We currently use antiquated systems, or bad software based on antiquated systems.

My approach - don’t rely on software. It’s a mentality, not a software. Your CAD should be organized in a future proof structure. Your analysis should reference the hardware by diagram. You should be able to easily find the analysis with nothing more than a hunch. Your drawings should be organized and the numbering should make sense. Create a part numbering schema that gives some information more than just the part number.
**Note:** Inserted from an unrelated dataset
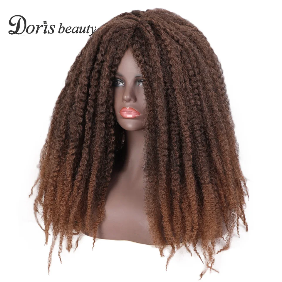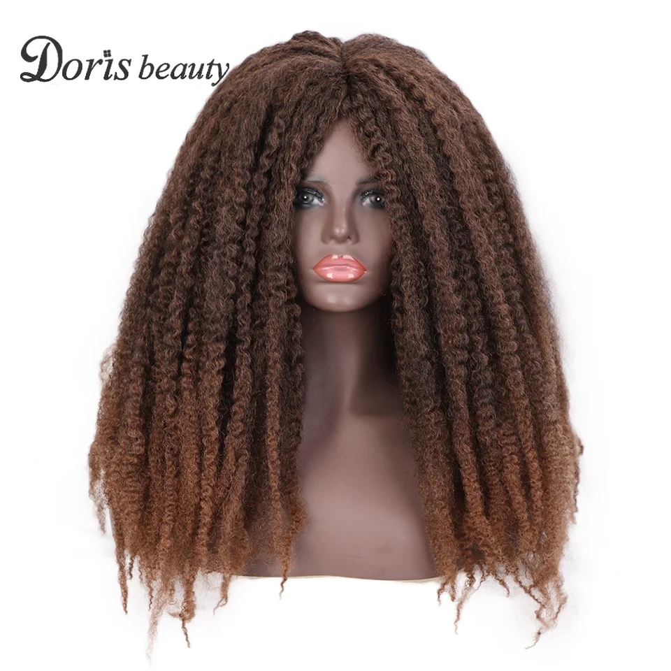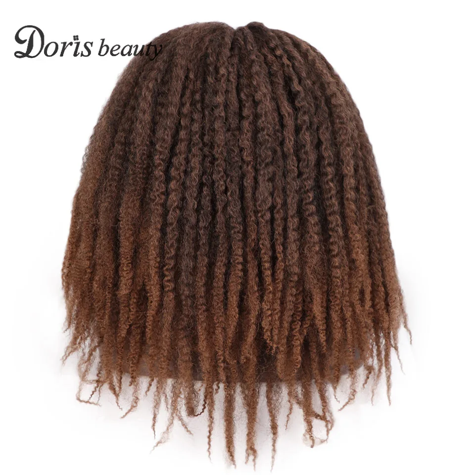 Doris beauty Synthetic Dreadlock Marley Braids Ombre Braiding Hair Wig for Women Afor Kinky Curly W

Ask yourself every day - if someone asks me where the work I did today is, would I be able to quickly find it?

2 comments

Non-software engineering has needed a git-like version control system for decades now but there are two giant hurdles:

- Designing a UI for resolving merge conflicts is non-trivial and a lot of the visual cues git diff viewers use to highlight conflicts (colors, marker text, etc.) don't translate well into a CAD viewer

- The Autodesks and Bentleys of the world work in proprietary binary files so any solution would only work for one vendor, and sometimes only one flavor of one vendor

Do you use a PDM system?
At work. I think it’s not very good most of the time.
It's all in the setup.

If done properly it can be setup to automate a lot of the tedious work, making the process of designing things much smoother.

If done improperly it adds even more nonsense to all the stuff you already are doing, so it makes the process If desiging things twice as hard and confusing.

The key - have people that have actually used it to design things architect the setup, not professional managers.